Task details: Return the run of lines below that opens with the line containing "2022 Ram 2500" and closes with the line containing "5年生の女子児童が、「大阪府", keeping each one exact.

Records for the task:
____
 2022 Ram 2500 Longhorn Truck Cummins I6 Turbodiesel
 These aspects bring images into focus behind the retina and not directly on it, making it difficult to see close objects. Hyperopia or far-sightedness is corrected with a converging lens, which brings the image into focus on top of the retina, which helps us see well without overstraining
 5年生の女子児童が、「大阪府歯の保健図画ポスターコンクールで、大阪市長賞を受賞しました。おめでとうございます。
____
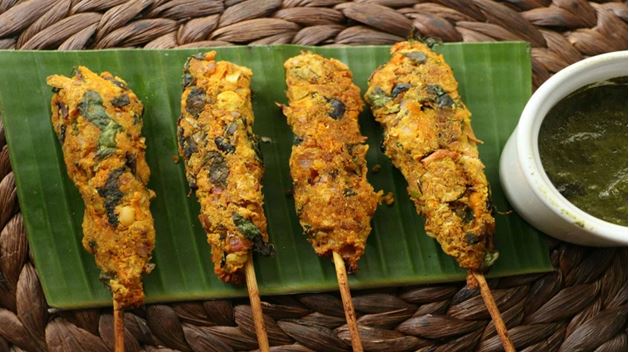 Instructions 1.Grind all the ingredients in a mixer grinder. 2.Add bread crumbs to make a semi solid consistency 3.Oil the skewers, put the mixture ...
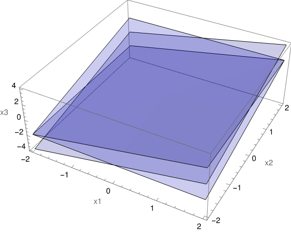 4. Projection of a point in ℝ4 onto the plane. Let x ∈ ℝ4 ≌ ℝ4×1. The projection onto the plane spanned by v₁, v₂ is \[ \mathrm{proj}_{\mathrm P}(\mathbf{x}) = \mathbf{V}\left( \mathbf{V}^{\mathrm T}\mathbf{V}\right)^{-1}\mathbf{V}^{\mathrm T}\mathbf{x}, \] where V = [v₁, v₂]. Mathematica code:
____
Task solution:
 2022 Ram 2500 Longhorn Truck Cummins I6 Turbodiesel
 These aspects bring images into focus behind the retina and not directly on it, making it difficult to see close objects. Hyperopia or far-sightedness is corrected with a converging lens, which brings the image into focus on top of the retina, which helps us see well without overstraining
 5年生の女子児童が、「大阪府歯の保健図画ポスターコンクールで、大阪市長賞を受賞しました。おめでとうございます。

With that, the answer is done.